Sekitar tahun 1887 terjadi perdebatan besar dalam komunitas sejarawan tentang bagaimana seharusnya seorang sejarawan menilai masa lalu. Mandel Creighton, Uskup Agung Gereja Inggris waktu itu, cenderung memandang bahwa tidak perlu memberikan kritik terhadap figur-figur pemimpin yang penuh otoritas. Itu nampak dalam tulisannya tentang masa lalu yang menggunakan kerangka relativisme moral sehingga dianggap tidak kritis terhadap para pemimpin, misalnya terkait persoalan korupsi dan penyalahgunaan kekuasaan oleh Paus atau Raja di masa lalu. Relativisme moral berarti tidak ada nilai moral utama yang secara umum dapat dipegang oleh semua orang. Penilaian, tindakan, dan kebenaran moral adalah hal yang subyektif, tergantung pada seseorang dan situasi, budaya, atau perasaan yang dihadapinya.
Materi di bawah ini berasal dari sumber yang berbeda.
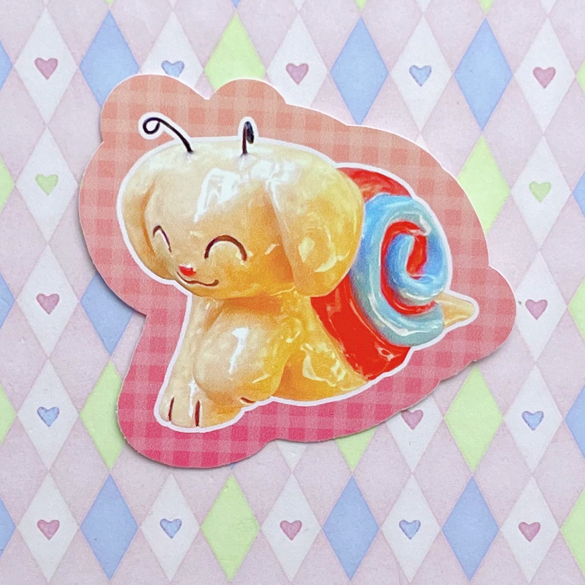 ceramic snail puppy red yellow kawaii cute vinyl sticker! (3")
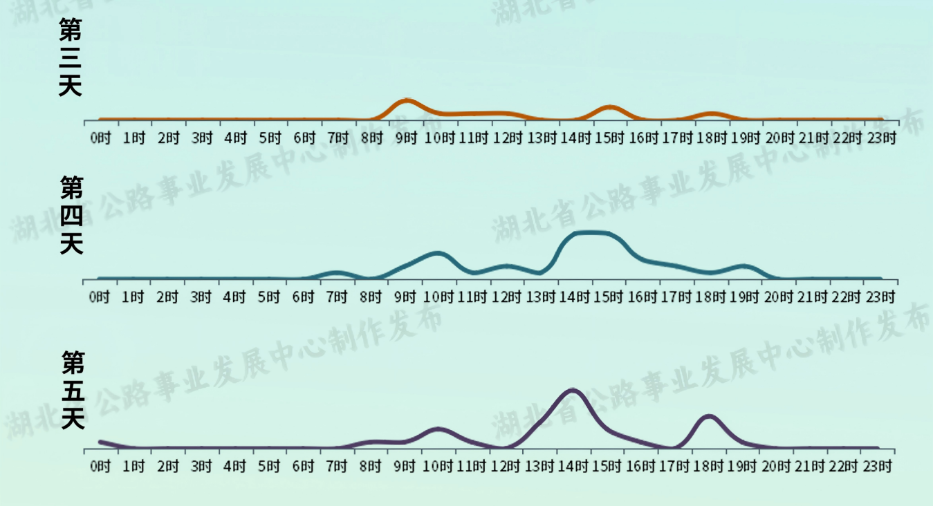 10月1日至2日(假期第1天至第2天),預(yù)計該兩日7時至14時路網(wǎng)較為繁忙,其中10月1日8時至11時左右出現(xiàn)假期出程高峰。
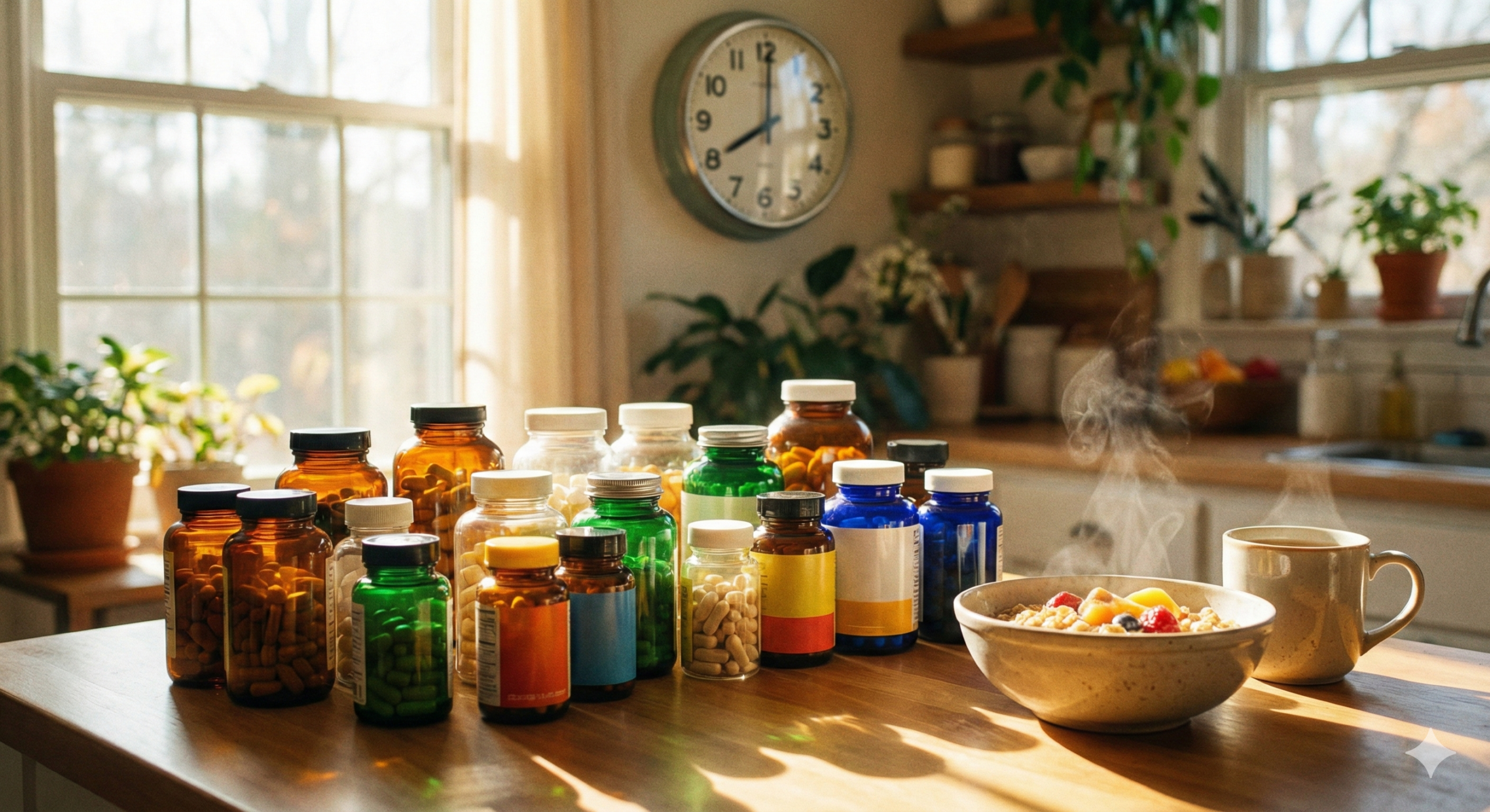 | 종합 비타민 | 식후 (아침 or 점심) | 위장 자극 감소, 에너지 공급 |
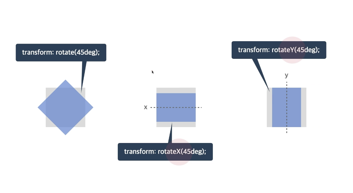 | y축 변환 | translateY(y) | scaleY(y) | rotateY(angle) | skewY(angle) |
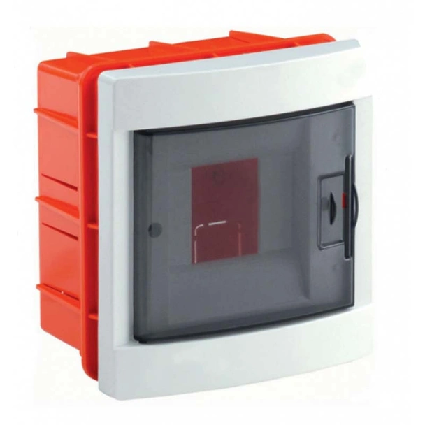 Електрическо табло с едноцветен прозрачен капак, 4 бр. модули, 1 ред, степен на защита IP40. Размерите на кутията са 140x98x150 мм. Предназначена е за вграден монтаж. Изработена е от висококачествени самогасящи материали, неподдържащи горенето. Корпусът е издръжлив на открит огън и високи температури. Монтираната в кутията апаратура е защитена от пряк допир до тоководещите части. Възможност за комплектоване с DIN шина при монтаж на апаратура и клемореди за свързване на неутралата и заземителния проводник.
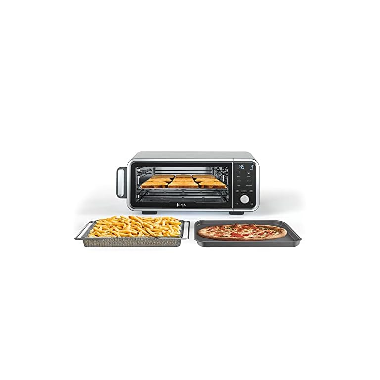 Ninja SP101 Digital Air Fry Countertop Oven with 8-in-1 Functionality, Flip Up & Away Capability for Storage Space, with Air Fry Basket, Wire Rack & Crumb Tray, Silver
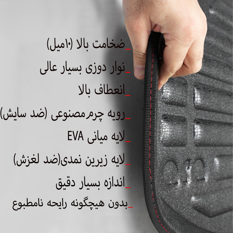 محصول فوق در کارخانجات اطلس رنگین آرا تولید می شود این مدل کفپوش ها از سه لایه تشکیل مشوند: جنس رویه آن چرم مصنوعی است که ظاهر بسیار زیبایی دارد و همخوانی زیادی با کابین خودرو دارد ،جنس میانی از مواد چند لایه نانو EVA که بسیار نرم و انعطاف پذیر است و جنس زیری آن حالت نمدی دارد تا از لغزش آن در کف صندوق جلو گیری و باعث استحکام ان شود. دور کفپوش با ظرافت و دقت بالایی نوار دوزی شده است ، کاملا ضد آب است و قابلیت شست و شو دارد دارای لبه پنج سانتی متری می باشد که به طور کامل از ریختن و نفوذ مایعات به کف خودروی شما جلو گیری می کند _ وجه تمایز این مدل نسبت به سایر کفپوشها استفاده از مواد چند لایه نانو EVA و نرمی و ضخامت بالای ان میباشد تا از سُر خوردن اجسام روی آن جلو گیری شود.

John Demerich Edward Dalberg-Acton, lebih dikenal dengan nama Lord Acton, menyatakan tidak sepakat terhadap sudut pandang Creighton. Baginya, meskipun dia seorang Katolik tetapi tidak dapat mengabaikan kecenderungan korupsi dan penyalahgunaan kekuasaan dari pemimpin agamanya. Dia berpendapat bahwa semua orang – di masa lalu atau masa kini, pemimpin atau bukan – harus berpegang pada standar moral yang universal.
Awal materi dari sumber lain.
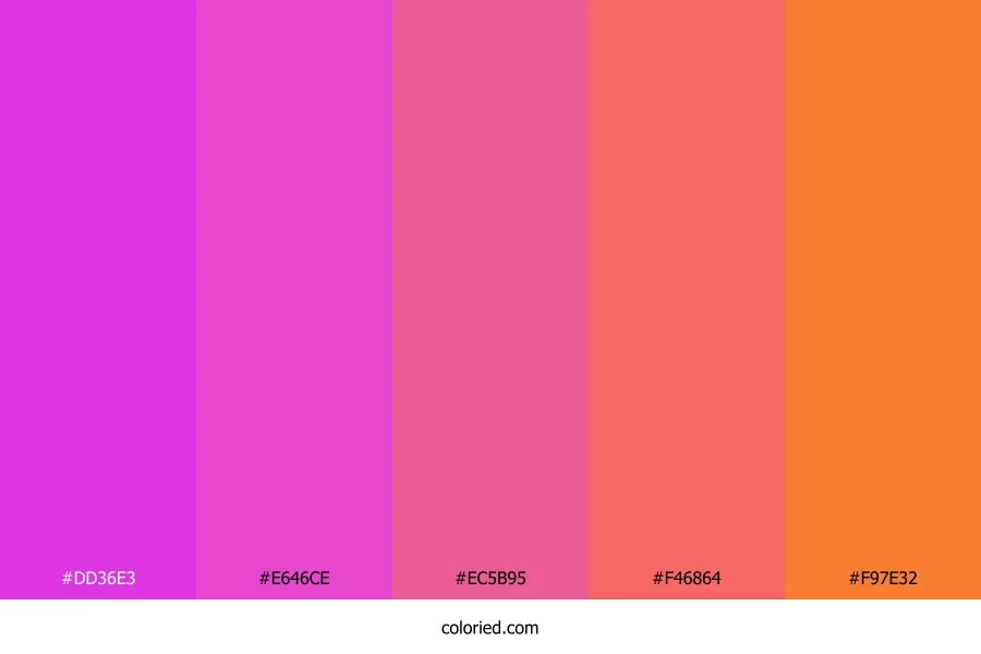 ![]() | #DD36E3 | 221, 54, 227 | 298, 76%, 55% | 3%, 76%, 0%, 11% | oklch(0.653 0.267 327) |
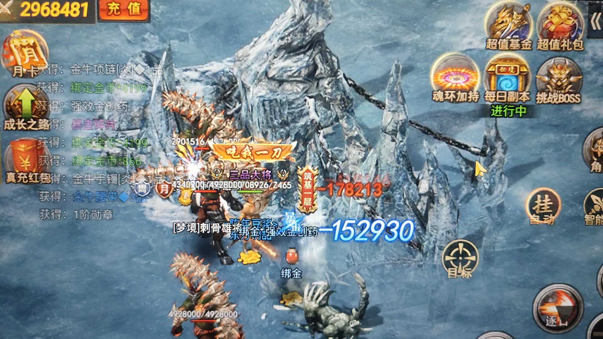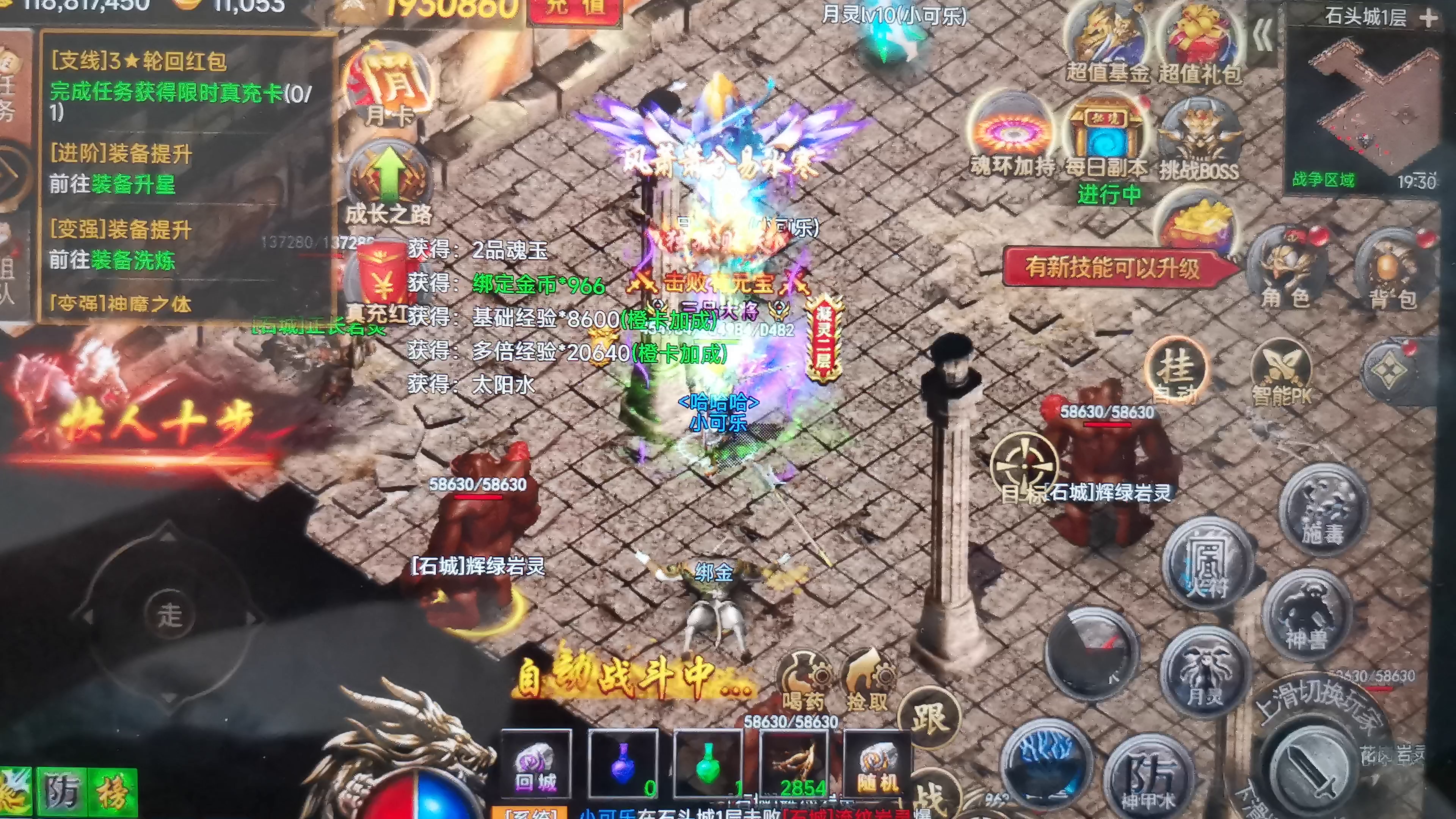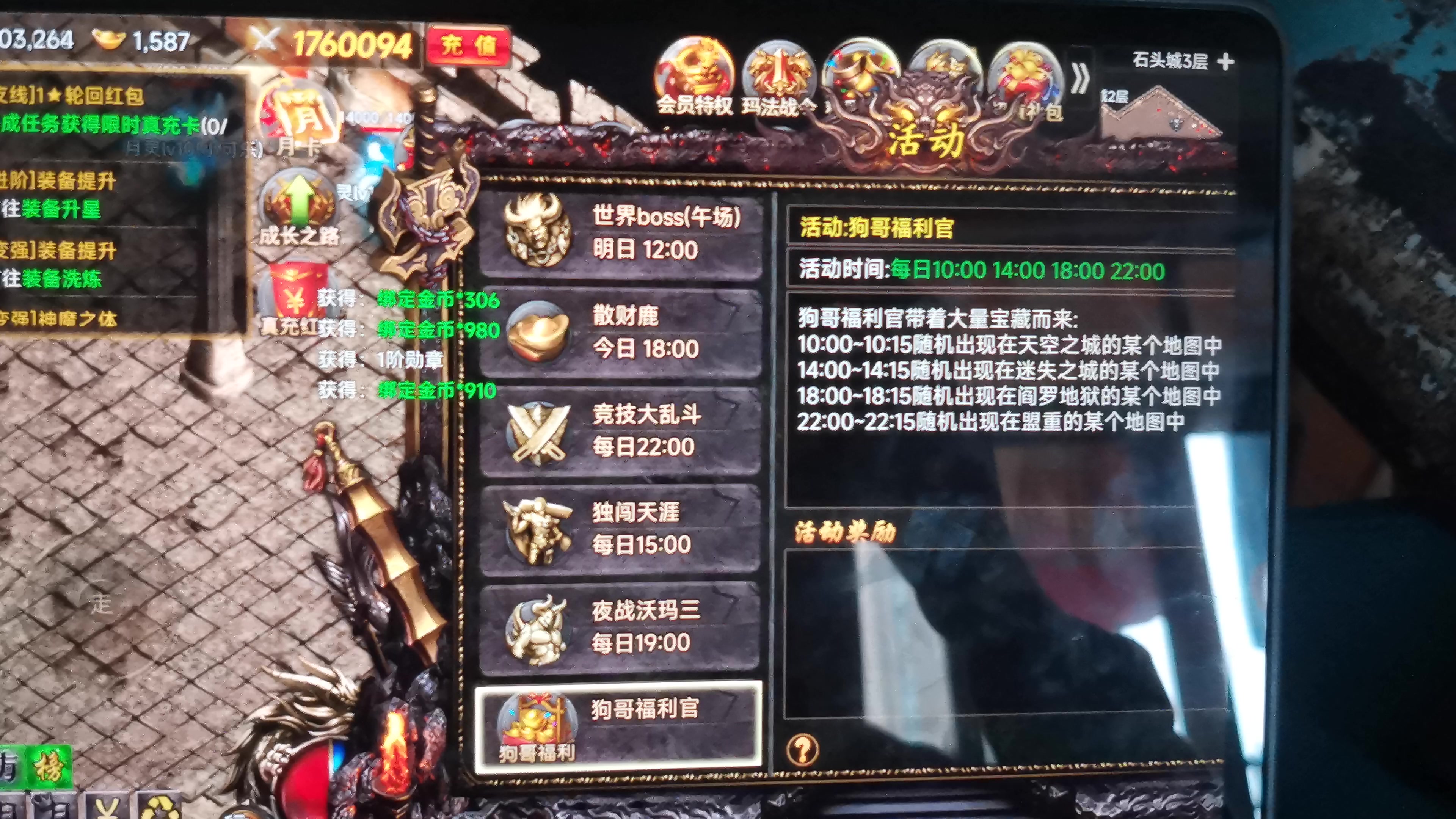 活动里面那个狗哥福利官,每天早上10.-10.15的活动他会刷在天空之城的随机一个地图,跟着提示去找他,找到他。点开,会有250个神魔石头,需要1250元宝,元宝,每天挂机,打boss轻轻松松一千多,完全不怕不够用。这个早上神魔石头非常重要,要不然你3大陆下不了地图!!切记切记!!

Pada 15 April 1887, Acton menulis surat kritik kepada Creighton. Saduran yang cukup ketat terhadap suratnya pada paragraf ketujuh tertulis bahwa: “Saya tidak bisa menerima pendapat Creighton yang menyatakan kita tidak bisa menilai Paus atau Raja seperti menilai orang kebanyakan berdasarkan pra-anggapan bahwa mereka tidak bisa berbuat salah. Jika memang harus ada pra-anggapan maka itu mestinya dibuat melawan para pemegang kekuasaan, di mana pra-anggapan itu semakin besar seiring dengan meningkatnya kekuasaan. Tanggung jawab sejarah (yaitu, sebagai penilaian para sejarawan kemudian) mesti dikerjakan dalam kepentingan tanggung jawab hukum (yaitu, konsekuensi-konsekuensi hukum dalam masa hidup penguasa). Kekuasaan cenderung korup dan kekuasaan absolut secara absolut korup. Orang-orang hebat hampir selalu adalah orang yang jahat juga, meskipun mereka menjadi hebat karena punya pengaruh dan bukan otoritas semata: terlebih lagi ketika ditambahkan kecenderungan atau kepastian korupsi karena berkuasa.”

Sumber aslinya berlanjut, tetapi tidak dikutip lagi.